Estudio Remo is an interdisciplinary and pedagogical artistic platform that integrates somatic practices, textile experimentation, sound research and agriculture.
Why do you connect (or want to connect) with this project
Having always been working in urban areas in numerous creative projects for the last 15 years, we have felt the vital need to resituate our practice in natural spaces. This feeling is on the one hand the call to enrich the processes of research and artistic creation with what we have come to call deep listening. On the other hand, the approach to agriculture and its knowledge for the development of communities around this feeling.
Collaborative processes like this are essential to us and shape the philosophy of our work. Building this new reality as we get to know each other is exciting and deeply encouraging in these times of hopelessness, injustice, individualism and uncertainty.
Our work is no different from our life, we do not understand individual development without a context of cooperativism and development of the collective good; that is why this project contains the vital foundations on which future dreams are based,
A longer description for your own member page
Our work at ReMo Studio in the north of Amsterdam, from its inception in 2019 until its closure in December 2023, has accommodated a wide range of artistic concerns, offering in its latest stage a broad children’s programme through the PLAY festival.

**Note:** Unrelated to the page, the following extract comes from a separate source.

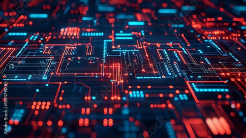Dynamic circuit patterns digital realm technology art futuristic environment high angle view innovation concept

While the basis of all our research begins and ends with bodies: dance, somatic practices and the therapies associated with them. However, our research and creative processes are nourished by an interdisciplinary drift (textile and visual arts, sound arts, literature…) that reflect the innate interconnectivity between processes and the natural hybridisation of forms. Our pedagogical work has approached nature in the last two years by proposing trainings and encounters in different parts of the world, where we propose a re-approach to the creative process through coexistence in natural spaces. We feel that the human being close to nature innately develops what we have come to call: deep listening.
The saturation of information and the high speed of events and changes in today’s society, has made us want to invest our time and energy in processes that root us, that take us to the ground and to the rhythm of the earth as a premise of knowledge and human encounter; and it is from this place that we want to continue developing.